Brave New Girls: Tales of Girls and Gadgets
Page 8
Navigating infinite flows of unlimited information was a difficult skill to learn, but Gracie had been surfing data ever since her implant was installed. She loved the sensation and swore the data streams had a physical dimension. She spoke about the waves as if her hair were soaking wet and she could smell ozone in the air. Gracie had been born on the Bagdasarian, and she would die there, too. Barring miracles, Gracie would never see a planetary ocean or even a mountain stream, so she made her own adventures where she could. Hacking the Bagdasarian was her extreme sport.
Gracie was in two places at once. Her fingers twitched, grasping and releasing the hem of her skirt. Her hips, heels, and shoulders jerked against her bunk. Her thoughts raced along the eternal data current, making tiny adjustments at critical switches and gates. She began to hum, dancing between myriad housekeeping routines, citizen queries, and personal messages. She noticed a chained conversation between two of her neighbors. Another day, she might have stopped to investigate, but she had somewhere to be.
The Mystery Club lived in a private room that would never be found at the same address twice, or so its members claimed. Gracie wasn’t a member—only citizens could be members—but she wasn’t worried. The rules were for everyone else. She could find the Mystery Room whenever she wanted. Agatha was one of the one hundred twenty-eight women and men who had donated elements of Gracie’s genetic code. One hundred ninety years old, Agatha lived behind the waterfall but spent most of her days serving as a game master for the Mystery Club. Gracie would recognize Agatha’s signature anywhere, and she knew exactly where to look.
She found the game master’s thoughts streaming out through the waterfall portal and piggy-backed a ride straight into the hidden heart of the Mystery Club. Looking around, examining the data, she realized she’d arrived in the middle of a massively parallel role-playing game, set on what she recognized as an early twentieth-century steam train. The Mystery Club elders were very fond of their trains, and everybody loved a traditional mystery. Gracie had no idea why.
Georgie? She inserted a simple query into the local stack. Georgie, are you here? And why are we all so obsessed with stories that were told three thousand years ago? And what, in the names of all the distant stars, is the big deal about trains?

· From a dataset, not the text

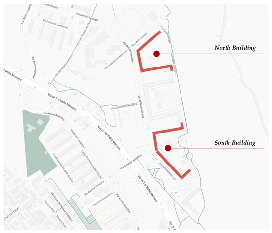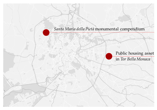 As mentioned before, in the present research, the application of the defined optimization algorithm to two different projects to be realized in the city of Rome is carried out. The two urban regeneration interventions were selected according to the criteria for the selection of the projects among those proposed, and they are consistent with those provided for the NRRP funds. The two initiatives considered are located in two different city of Rome portions: the Santa Maria della Pietà monumental compendium in the northwest of the city, and the public housing asset of Tor Bella Monaca in the east of the city of Rome. In Figure 3, the localization of the two urban transformation areas is shown. Currently, the redevelopment projects in the two areas have already been defined: through the allocated funds, they will be integrated, and the realization process will be implemented. The finalization of the considered projects will allow one to take significant benefits from the NRRP funding uses, by assigning them to two important and densely populated city areas that, currently, need to be totally restored.

Yes, I’m here, Georgie replied, where else would I be? This is a classic game. And these were the greatest stories ever told. The golden age of murder, mystery, and suspense.
Gracie laughed. She couldn’t help it. Her friend loved the ancient mysteries. Okay, Georgie, I’m sold. Now come on. Where are you? Give me a clue?

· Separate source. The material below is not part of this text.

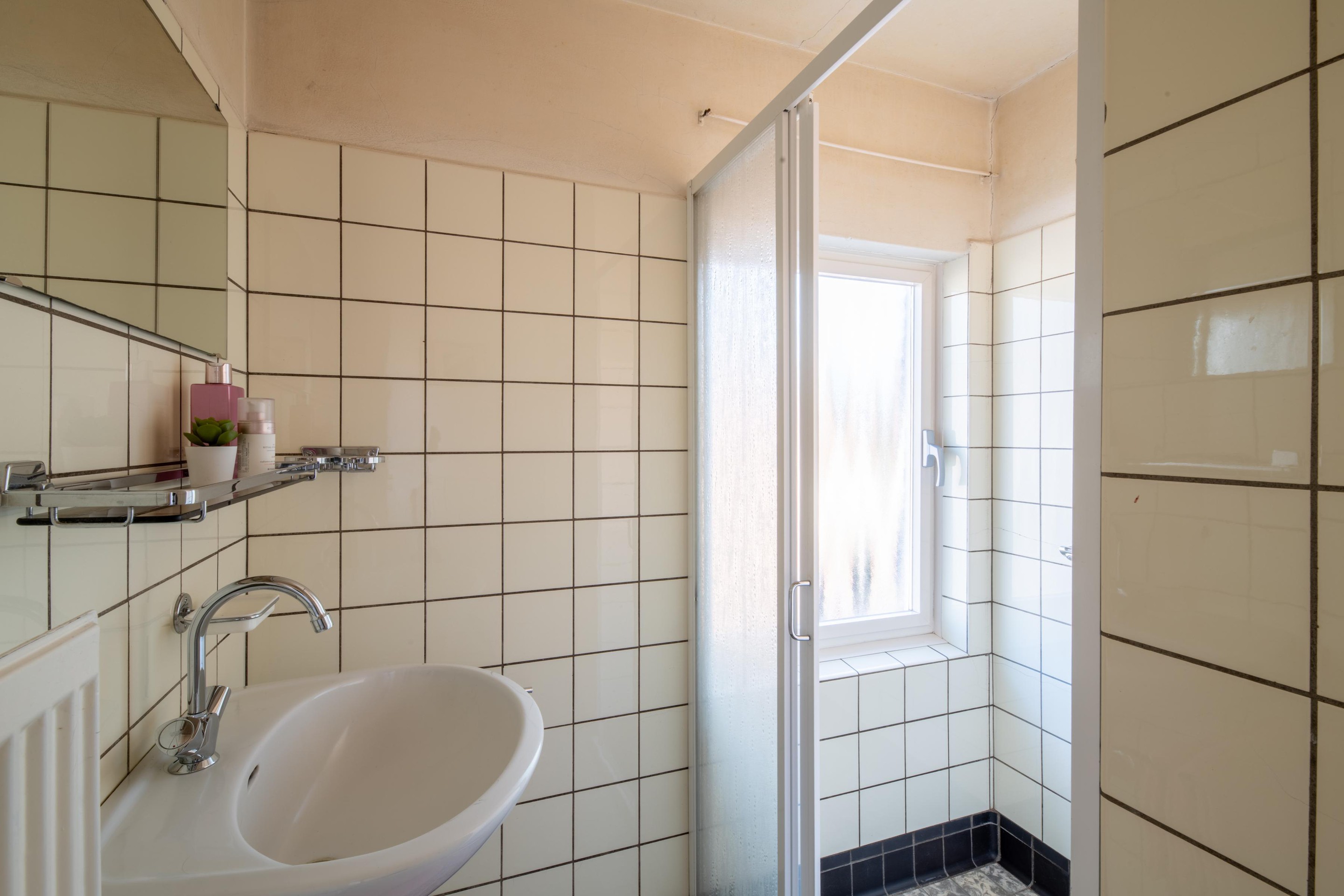 Eerste verdieping Speelse overloop met toegang tot drie slaapkamers, allen voorzien van een vaste kast. De badkamer is uitgerust met een douche en wastafel.

Translucent footprints appeared in front of her. She followed them along the corridor, striding past compartments full of avatars dressed in a variety of outlandish costumes. Searching the Verse as she walked, she realized some were authentic for the period and setting. Others were preposterous, of course. Humans of that era had never had two heads or more than the usual number of breasts.
Curious, Gracie looked down. Her in-game avatar used a default wardrobe module and had selected clothes according to her mood. She was wearing black again—a black dress, black tights, and simple black shoes. She didn’t look out of place. No one would look twice.
Two older men were standing by an open window, smoking—that habit had died out within a century of the story first being told. She thought she remembered them both from a previous mystery game about an elderly lady who had vanished from yet another train.
As she walked, she wondered how many millions of citizens were playing the game today. How many iterations was the Mystery Club running, all at the same time? Thousands, she was sure. Tens of thousands. Did none of the players have anything better to do? Gracie knew the answer was no. The citizens of the Bagdasarian had a simple mission: stay alive and maintain a steady population. Their existence was a critical part of the post-war master plan to preserve the human race by dispersing people so widely across the universe that they could never come so close to destroying themselves again. Gracie understood and approved of the plan, but still, she wished there could be more to life.
The footprints led her to a first-class bathroom. Gracie smiled and pinged it with her network ID. Once, twice, three times. The third knock was the charm. The door swung slowly inward and then disappeared, shattering into a silvery mist of antiquated zeroes and ones. As she watched, the countless numbers reconfigured her surroundings, constructing a facsimile of Georgie’s hospital room. Her friend’s avatar sat cross-legged on the bed, surrounded by replicas of all the equipment needed to keep her body alive.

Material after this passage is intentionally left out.